Noir is deconstructed to the elemental evil in perhaps the most frightening and mysterious Lynch’s classic masterpiece.
Lost Highway
- Date:
- from
29 Jan 2026
- Age restrictions
- 18+
Lost Highway
1997, David Lynch
United States—France
134 minutes, English with Russian subtitles
Starring: Bill Pullman, Patricia Arquette, Balthazar Getty, Robert Loggia
Saxophonist Fred loses his self-confidence and, tormented by doubts and jealousy, kills his wife Rene. He is sentenced to death, but in the morning, prison guards find a completely different person in his cell—a young car mechanic who has no idea how he ended up behind bars.

Shot from Lost Highway, 1997
The plot of Lost Highway adapts narrative devices that film—and only film—can make actually visible, mines that potential to represent the uncanny that the medium had delightedly played with from its earliest years.

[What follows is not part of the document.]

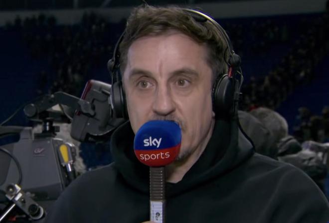北京時間2月24日,英超第27輪,埃弗頓0-1曼聯。在天空體育的播客節目中,內維爾對本場比賽進行了分析。

—Marina Warner, Sight & Sound
The plot of Lost Highway unfolds in a Möbius strip that is almost impossible to interpret literally, and watching it is a true revelation. Lynch seems to deconstruct the noir genre into its individual elements—the femme fatale, the criminal’s pangs of conscience, the mysterious criminal conspiracy—and then reassembles them into a sophisticated, unique construction.